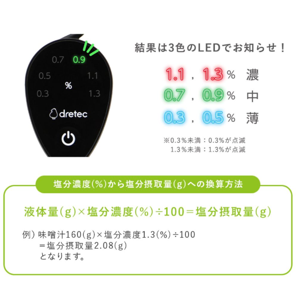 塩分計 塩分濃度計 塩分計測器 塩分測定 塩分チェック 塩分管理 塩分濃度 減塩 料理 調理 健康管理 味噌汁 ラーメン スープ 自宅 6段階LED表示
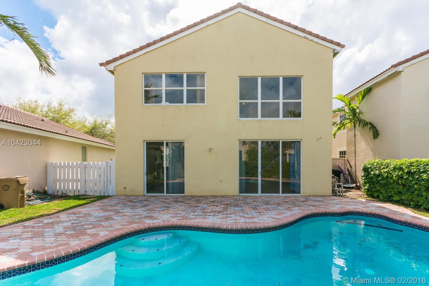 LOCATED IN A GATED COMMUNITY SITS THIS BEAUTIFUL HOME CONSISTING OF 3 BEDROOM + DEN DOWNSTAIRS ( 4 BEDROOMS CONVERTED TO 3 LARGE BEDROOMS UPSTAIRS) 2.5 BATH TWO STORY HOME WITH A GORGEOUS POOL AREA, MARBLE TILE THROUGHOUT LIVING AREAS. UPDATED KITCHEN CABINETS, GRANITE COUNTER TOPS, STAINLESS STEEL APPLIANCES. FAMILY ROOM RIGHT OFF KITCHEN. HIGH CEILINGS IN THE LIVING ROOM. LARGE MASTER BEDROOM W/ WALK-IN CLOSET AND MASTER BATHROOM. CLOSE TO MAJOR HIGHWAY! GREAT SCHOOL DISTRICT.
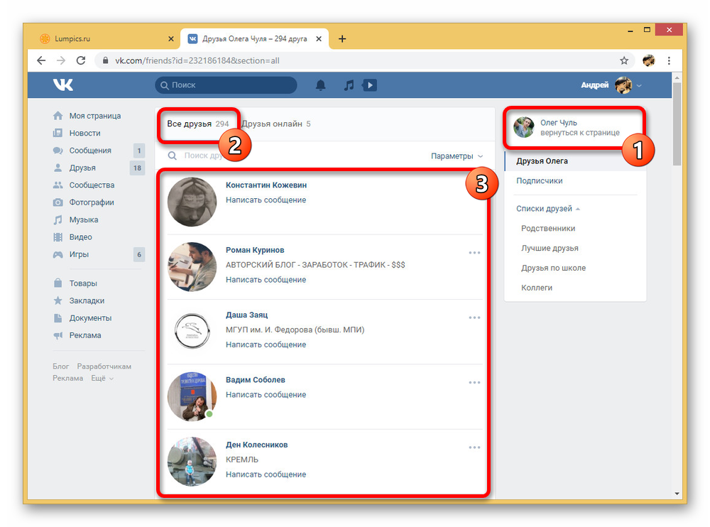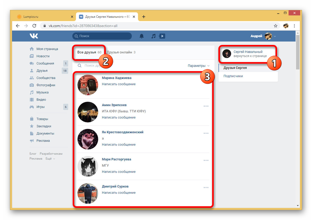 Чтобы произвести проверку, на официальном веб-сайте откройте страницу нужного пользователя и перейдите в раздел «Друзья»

● ● ●

Task item -
Repeat the listing verbatim. Skip the pictures.

Response box -
 塩分計 塩分濃度計 塩分計測器 塩分測定 塩分チェック 塩分管理 塩分濃度 減塩 料理 調理 健康管理 味噌汁 ラーメン スープ 自宅 6段階LED表示
 LOCATED IN A GATED COMMUNITY SITS THIS BEAUTIFUL HOME CONSISTING OF 3 BEDROOM + DEN DOWNSTAIRS ( 4 BEDROOMS CONVERTED TO 3 LARGE BEDROOMS UPSTAIRS) 2.5 BATH TWO STORY HOME WITH A GORGEOUS POOL AREA, MARBLE TILE THROUGHOUT LIVING AREAS. UPDATED KITCHEN CABINETS, GRANITE COUNTER TOPS, STAINLESS STEEL APPLIANCES. FAMILY ROOM RIGHT OFF KITCHEN. HIGH CEILINGS IN THE LIVING ROOM. LARGE MASTER BEDROOM W/ WALK-IN CLOSET AND MASTER BATHROOM. CLOSE TO MAJOR HIGHWAY! GREAT SCHOOL DISTRICT.
 Чтобы произвести проверку, на официальном веб-сайте откройте страницу нужного пользователя и перейдите в раздел «Друзья»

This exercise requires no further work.